Multi-orbital Effects on Thermoelectric Properties of Strongly Correlated Materials

TL;DR

This study investigates how electronic correlations and orbital degeneracy influence thermoelectric properties in multi-orbital Hubbard models, revealing non-monotonic Seebeck behavior and enhanced thermopower in strongly correlated regimes.

Contribution

It demonstrates the impact of multi-orbital effects on thermoelectric performance, highlighting the role of strong correlations and orbital degeneracy in enhancing thermopower.

Findings

Seebeck coefficient shows non-monotonic temperature dependence with strong correlations.

Strongly correlated systems exhibit increased thermopower and figure of merit.

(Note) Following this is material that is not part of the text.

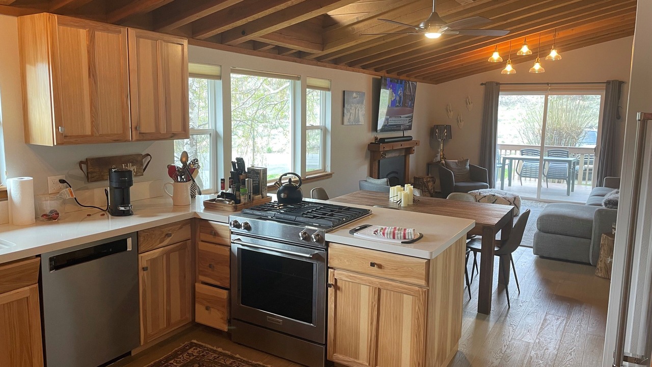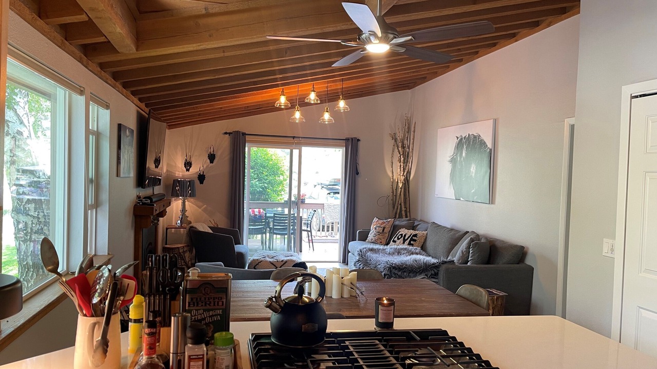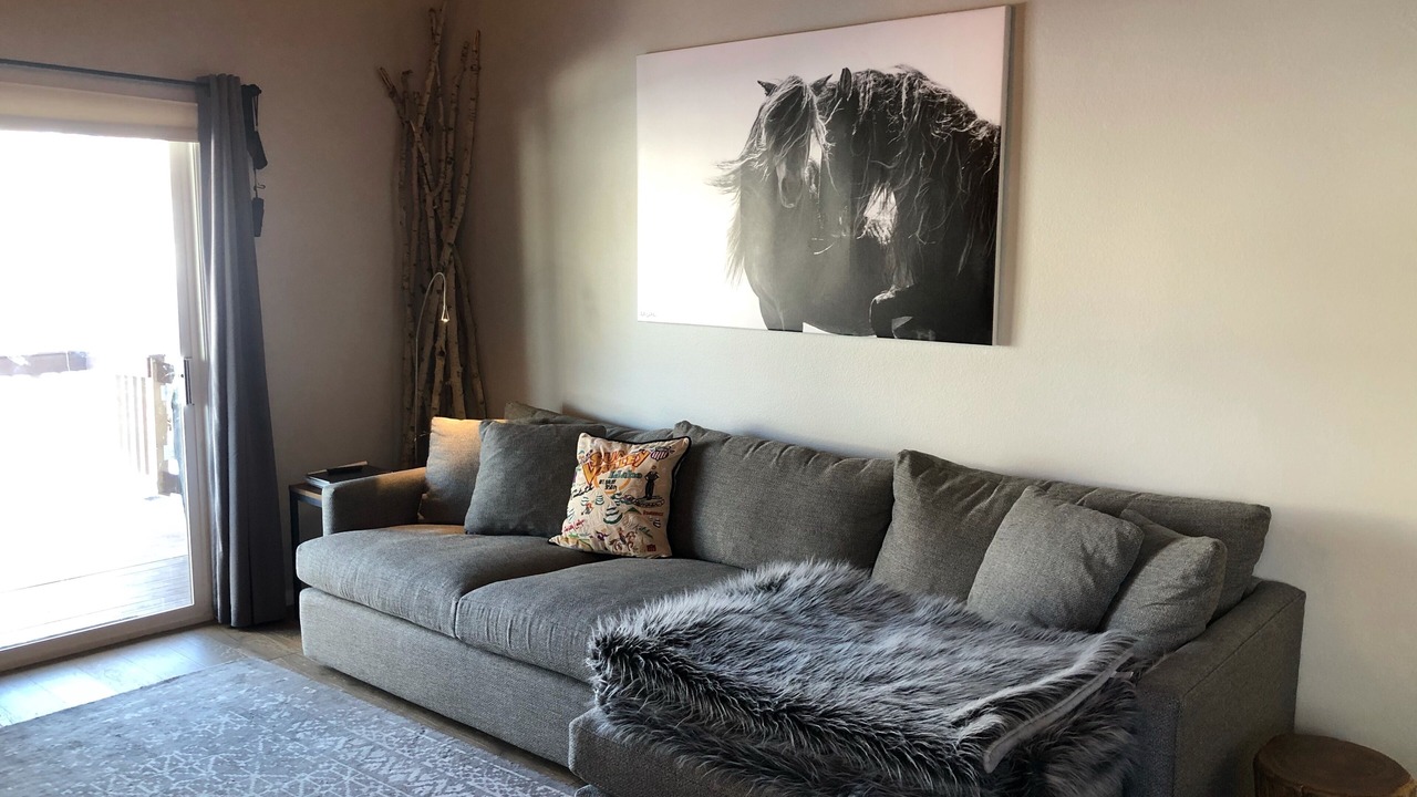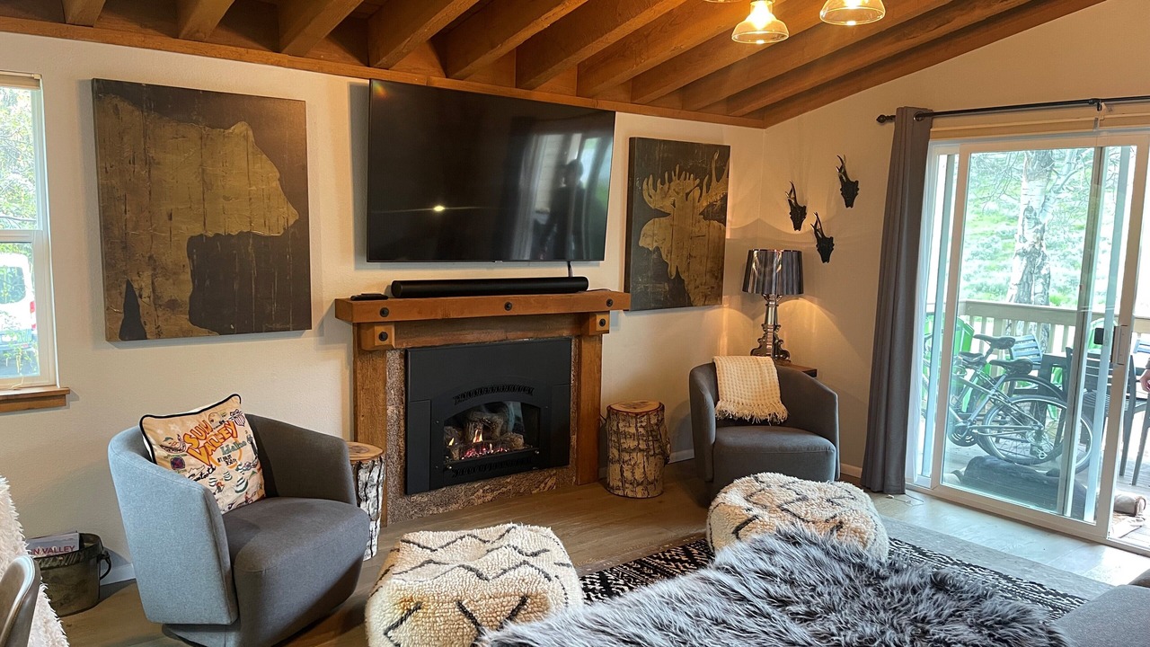 Beautifully furnished 2 bed/2 baths, fireplace, and a comfortable modern kitchen in Elkhorn at the Ranch. This stand-alone ‘bungalow’ sits quietly off of Independence Drive. Furnished with 2 mountain bikes, fenced patio for your pups, BBQ, and 60” Samsung smart-tv’s with Amazon Fire sticks in each room. Log-in and enjoy movie night or enjoy Hulu Live. Walk outside to numerous hikes, bus stop to Baldy or downtown, enjoy the amenities of The Ranch (game room, hot tub, bar & pool) or visit the Harker Center and Village pools, tennis and pickleball courts. Sit on the deck and watch the elk walk by! Dogs welcome!

Multi-orbital models produce larger thermopower than single orbital models.

Abstract

The effects of electronic correlations and orbital degeneracy on thermoelectric properties are studied within the context of multi-orbital Hubbard models on different lattices. We use dynamical mean field theory with iterative perturbation theory as a solver to calculate the self-energy of the models in wide range of interaction strengths. The Seebeck coefficient, which measures the voltage drop in response to a temperature gradient across the system, shows a non-monotonic behavior with temperatures in the presence of strong correlations. This anomalous behavior is associated with a crossover from a Fermi liquid metal at low temperatures to a bad metal with incoherent excitations at high temperatures. We find that for interactions comparable to the bandwidth the Seebeck coefficient acquires large values at low temperatures. Moreover, for strongly correlated cases, where the interaction is larger than the band width, the figure of merit is enhanced over a wide range of temperatures because of decreasing electronic contributions to the thermal conductivity. We also find that multi-orbital systems will typically yield larger thermopower compared to single orbital models.